Точно так же, словно маленькая девочка, торопящаяся с папой на какой-то праздник, вышагивая своими длинными ножками в пустоватых розовых джинсиках, она доверчиво запрокидывала головку под фонарем на огромного пузатого директора этой обители блаженных в краю тысячи озер, в полнощной бездне одного из которых все еще догорал последний уголек вечерней зари. Среди черных сосен темнели погасшие корпуса, каждый с непременным (Сталин думает о нас) горящим окном – все это походило на пионерлагерь.
Спать в роскошной двуспальной кровати мешала лишь неумеренная бдительность противопожарного грибка на потолке гостиной, всю ночь жалобным писком звавшего на помощь, – однако чистая совесть – лучшее снотворное. Я даже и проснулся от щебета пташек – так мне привиделся, вернее, прислышался этот противопожарный писк в моих снах. За огромным окном сиял необъятный солнечный день – с пушечными стволами сосен, беззвучно салютующих пышными кронами космически синему небу. Влюбленность прежде всего самовлюбленность: мне чудилось, что и весь мир счастлив обрести роль в моем спектакле.
Меж солнечных сосен – запах, запах, тысячу лет я прожил в мире без запахов -навстречу мне блеснула стеклышками и безоглядной, немножко клоунской улыбкой Женя – и меня обдало таким счастьем, словно нам опять по восемнадцать и мы сейчас же, упоительно щебеча, вспорхнем и полетим к золотым днепровским пескам, – и впервые за годы и годы новая женщина не отозвалась во мне спазмом тоски по старой, вернее, вечной Жене. Не в силах сдержать улыбок, утоптанной песчаной дорожки под собой не чуя, мы вступили в столовую, до звона переполненную солнечным блеском пионерского лагеря. Только неистребимый запах пригорелого молока куда-то улетучился.

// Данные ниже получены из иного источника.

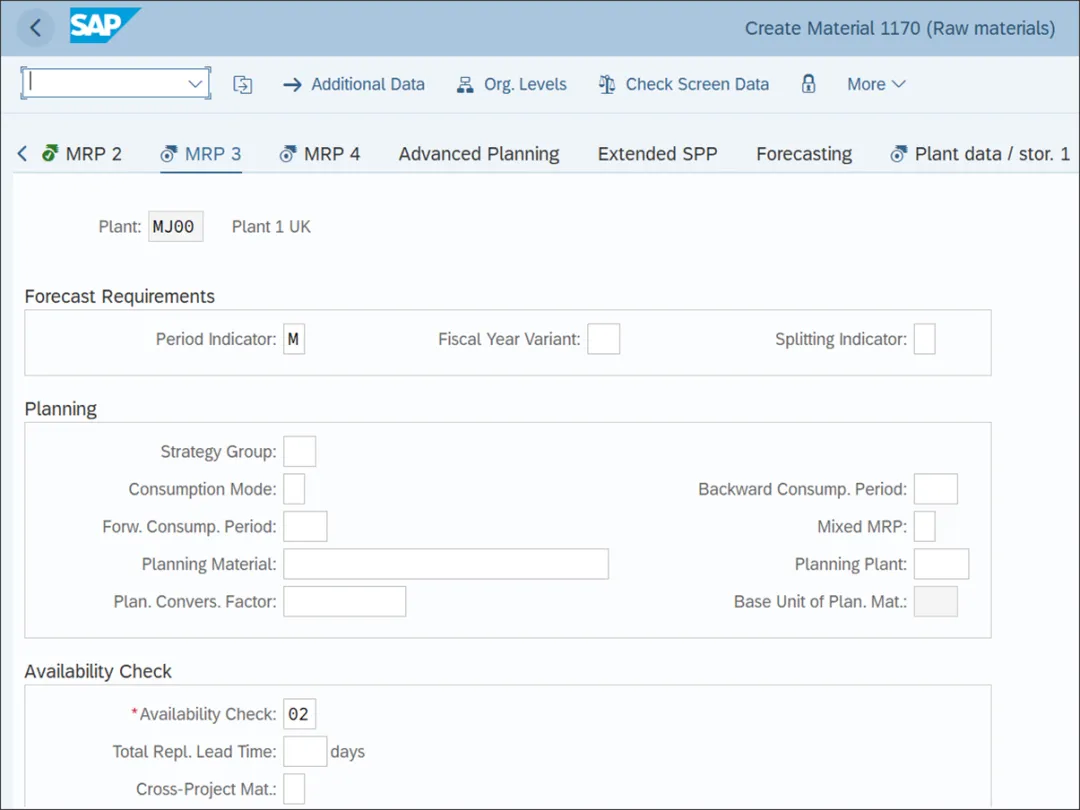 下图显示了物料主数据的 MRP 2 视图。它包含与物料采购、排程和净需求计算相关的属性。采购类型指示物料是在内部生产、外部采购还是两者皆有。从下拉菜单中为物料选择一个采购类型。下表显示了标准系统中可用的采购类型。特殊采购类型,如寄售、分包、库存转移等,在工厂级别的配置设置中定义。如果物料的采购类型是外部采购或外部和内部采购皆有,则为物料选择任何适用的特殊采购类型。生产存储地点取决于物料是在内部生产还是作为生产过程所需的组件(如原材料)。如果物料在内部生产,则在此字段中分配的存储地点将是接收生产物料的地点。如果物料是原材料,则在此字段中分配的存储地点将是向生产发放物料的地点。如果物料的采购类型是外部采购或内部和外部采购皆有,则为物料选择一个外部采购的存储地点。在 MRP 生成采购建议时,此存储地点将作为采购申请的默认值。如果物料是在制造最终产品、主要产品或成品时生产的联产品,则设置此指标。如果物料以批量方式生产或采购,且无需在 MRP 中对该物料进行计划,则设置此指标。这些物料(如钉子、油等)可批量用于生产活动。制造设施会保留一定数量的物料作为安全库存,以满足意外需求。在此以基本计量单位指定安全库存数量。最小安全库存字段也用于相同目的,但用于满足意外需求所需的最低安全库存水平。下图显示了物料主数据的 MRP 3 视图。它包含与物料预测、计划和可用性检查相关的属性。为物料预测或物料计划指定一个期间指标,如 M(月)、W(周)或 T(日)。策略组用于对可用于物料的多个计划策略进行分组,如按订单生产、按库存生产等。在此为物料选择一个策略组。物料的消耗模式指示系统如何消耗需求。表 3.10 显示了可供选择的值。在反向消耗中,销售订单、预留等消耗需求日期之前的计划独立需求。在正向消耗中,销售订单、预留等消耗需求日期之后的计划独立需求。在此根据为物料设置的消耗模式,以天(最多 999 天)为单位指定正向消耗期间或反向消耗期间。可用性检查组在为执行 MRP 提供准确的库存可用性信息方面起着至关重要的作用。这用于在 SAP S/4HANA 中配置可用性检查。在此为物料指定可用性检查组。你若喜欢,点个❤️谢先👇

Это был пионерлагерь пенсионеров. Над каждым из которых крепко поработал какой-то разнузданный тролль, уже неспособный даже на злобные выверты – он просто тупо мял, рвал, вытягивал, плющил, обращал глаза в прорези или в пузыри, носы в башмаки, хоботы или оладьи, нижнюю губу оттягивал до кадыка, рты стаскивал к ушам, одно скомкав в пельмешек, другое оттянув в лопух, – черепами же заниматься ему и вовсе было недосуг: помял да и бросил…
Однако никто здесь на подобные мелочи не обращал внимания. Ну, вываливается разноцветная кашица изо рта, ну, раскачивается человек за едой, ну, кружится… Или сразу двое… Или десятеро, словно камыш под ветром. Подумаешь. Ну, кто-то грохнул об пол поднос с кашей и салатом – но всю эту смесь тут же сметают, смывают мамки-няньки.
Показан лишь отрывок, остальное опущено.